Question

Let \( f: \mathbb{R} \to \mathbb{R} \) be a function defined by \( f(x) = \left( 2 + 3a \right)x^2 + \left( \frac{a+2}{a-1} \right)x + b, a \neq 1 \). If \[ f(x + y) = f(x) + f(y) + 1 - \frac{2}{7}xy, \] then the value of \( 28 \sum_{i=1}^5 f(i) \) is:

• A. 715
• B. 675
• C. 545
• D. 735

Hint:

Be mindful of the properties of functions when solving for unknowns in functional equations.

Answer 1

The Correct Option is B

Given the functional equation \( f(x+y) = f(x) + f(y) + 1 - \frac{2}{7}xy \) and the form \( f(x) = (2+3a)x^2 + \frac{a+2}{a-1}x + b \), we aim to determine \( 28 \sum_{i=1}^5 f(i) \).

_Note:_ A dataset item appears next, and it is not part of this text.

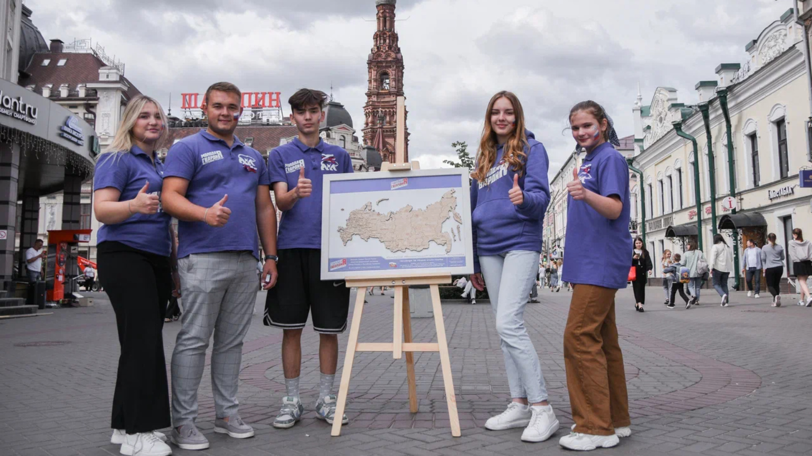 В рамках акции молодогвардейцы организовали праздничную акцию на центральной пешеходной улице Баумана, где раздавали жителям и гостям столицы ленты с триколором, а детям наносили аквагрим с изображением флага РФ.

1. Substitution into the functional equation:
Substituting the expression for \(f(x)\) into the given functional equation yields:
\( (2+3a)(x+y)^2 + \frac{a+2}{a-1}(x+y) + b = (2+3a)x^2 + \frac{a+2}{a-1}x + b + (2+3a)y^2 + \frac{a+2}{a-1}y + b + 1 - \frac{2}{7}xy \)

2. Expansion and simplification:
Expanding and simplifying the equation results in:
\( (2+3a)x^2 + 2(2+3a)xy + (2+3a)y^2 + \frac{a+2}{a-1}x + \frac{a+2}{a-1}y + b = (2+3a)x^2 + (2+3a)y^2 + \frac{a+2}{a-1}x + \frac{a+2}{a-1}y + 2b + 1 - \frac{2}{7}xy \)

3. Coefficient comparison:
Comparing the coefficients of the \(xy\) term and the constant terms provides two equations:
\( 2(2+3a) = -\frac{2}{7} \) and \( b = 2b + 1 \)

4. Determination of \(a\) and \(b\):
Solving \( 2(2+3a) = -\frac{2}{7} \) gives \( 2+3a = -\frac{1}{7} \), which simplifies to \( 3a = -\frac{15}{7} \), and thus \( a = -\frac{5}{7} \).
Solving \( b = 2b + 1 \) yields \( b = -1 \).

5. Calculation of \(\frac{a+2}{a-1}\):
Substituting \( a = -\frac{5}{7} \) into the expression \(\frac{a+2}{a-1}\) gives:
\( \frac{a+2}{a-1} = \frac{-\frac{5}{7} + 2}{-\frac{5}{7} - 1} = \frac{\frac{9}{7}}{-\frac{12}{7}} = -\frac{9}{12} = -\frac{3}{4} \)

6. Explicit form of \(f(x)\):
With \( a = -\frac{5}{7} \), \( b = -1 \), and \(\frac{a+2}{a-1} = -\frac{3}{4}\), the explicit form of \(f(x)\) is:
\( f(x) = (2 + 3(-\frac{5}{7}))x^2 - \frac{3}{4}x - 1 = (2 - \frac{15}{7})x^2 - \frac{3}{4}x - 1 = -\frac{1}{7}x^2 - \frac{3}{4}x - 1 \)

7. Summation of \(f(i)\) from \(i=1\) to \(5\):
The summation is computed as follows:
\( \sum_{i=1}^5 f(i) = \sum_{i=1}^5 \left( -\frac{1}{7}i^2 - \frac{3}{4}i - 1 \right) = -\frac{1}{7} \sum_{i=1}^5 i^2 - \frac{3}{4} \sum_{i=1}^5 i - \sum_{i=1}^5 1 \) \( = -\frac{1}{7} \left( \frac{5(5+1)(2(5)+1)}{6} \right) - \frac{3}{4} \left( \frac{5(5+1)}{2} \right) - 5 \) \( = -\frac{1}{7} (55) - \frac{3}{4} (15) - 5 = -\frac{55}{7} - \frac{45}{4} - 5 = -\frac{220 + 315 + 140}{28} = -\frac{675}{28} \)

8. Final calculation of \(28 \sum_{i=1}^5 f(i)\):
Multiplying the sum by 28 yields:
\( 28 \sum_{i=1}^5 f(i) = 28 \left( -\frac{675}{28} \right) = 675 \)

Final Answer:
The value of \( 28 \sum_{i=1}^5 f(i) \) is \( {675} \).